Advent is typically a season with a long to-do list for each of us; a season where we usually stretch ourselves to, and sometimes beyond, our limits on how much we can handle.  By the time the new year rolls around, we often crave a change.  A different version of ourselves.  A “better” version.  More organized, slimmer, more goal-focused.  The list of the new year resolutions can be a long one.

By the time Baptism of the Lord Sunday arrives, we can often feel dissatisfied with ourselves.  We see all the ways we fall short.  And if we’ve already lost our resolve on any changes we instituted on January 1, or we’re wavering on them, unsure of how we will manage to keep them going, we may be feeling particularly discouraged.

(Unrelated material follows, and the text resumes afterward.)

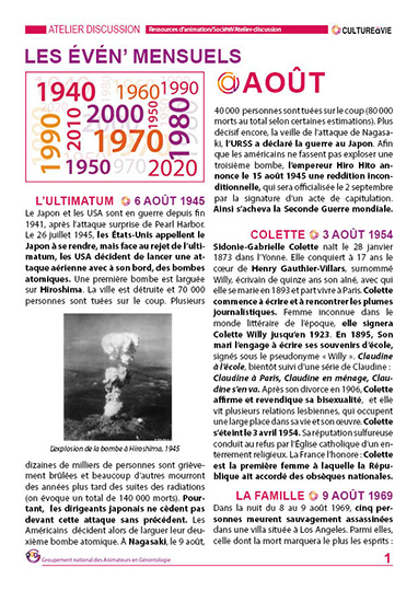 Ce contenu revient sur des événements qui se sont passés pendant les mois d’août entre 1940 et 2020. Des événements pour lancer des débats et pour inviter les résidents de vos établissements à partager leurs souvenirs. Les résidents pourront laisser un écrit en dernière page sur un fait qui ne figure pas au contenu ou un témoignage sur un événement abordé.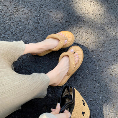 (Không còn hàng) [sheii Su Yinyin] Dép xỏ ngón đế dày Xiaoxiangfeng Dép xỏ ngón đi biển Xăng đan nữ mùa hè

But then we get to Jesus’ baptism.  Notice that without Jesus even beginning his ministry, once he is baptized, God says, “This is my Son, whom I love; with him I am well pleased.” (Matthew 3:17)  Jesus hasn’t really done anything yet, but God is pleased with him.  God loves him, and calls him His son.

Jesus’ baptism was about God naming him, claiming him as His beloved child.  So is our baptism.

It’s not about what we do, or what we have or have not accomplished.  It’s not earned.  It is God naming us as His children.  Will Willimon, a theologian and bishop in the United Methodist Church, writes, “the recipient of baptism is just that – recipient.  You cannot very well do your own baptism.  It is done to you, for you.  It’s an adoption, not an interview.”

So as we are reflect on Jesus’ baptism and remember our own, we need to remember that God loves each of us, whatever versions of ourselves we currently are.

Lutheran pastor Nadia Bolz-Weber tells a story about a man who described God’s love for him in this way: “God is crazy about me.”  She admitted that his way of describing God’s love for him was different that the usual, almost compulsory way we describe God’s love for us.  This felt like “the kind of love that breaks your heart and then makes it bigger.  A love that creates belovedness in the one it rests upon.”

Knowing that God is crazy about each of us is what launches us on “our journey from the (baptismal) font” that Pastor Will described in his sermon on Sunday.  Deep knowing of our belovedness in God’s eyes, especially in light of our many weaknesses, can unleash in us a willingness and desire to be in right relationship with God, and to share Christ’s love with others.

Remembering our baptism enables us to see beyond all our limitations, beyond all the ways we feel we are not enough, and see ourselves through God’s eyes.  We are God’s image bearers, His children who are called to reflect His image out into the world.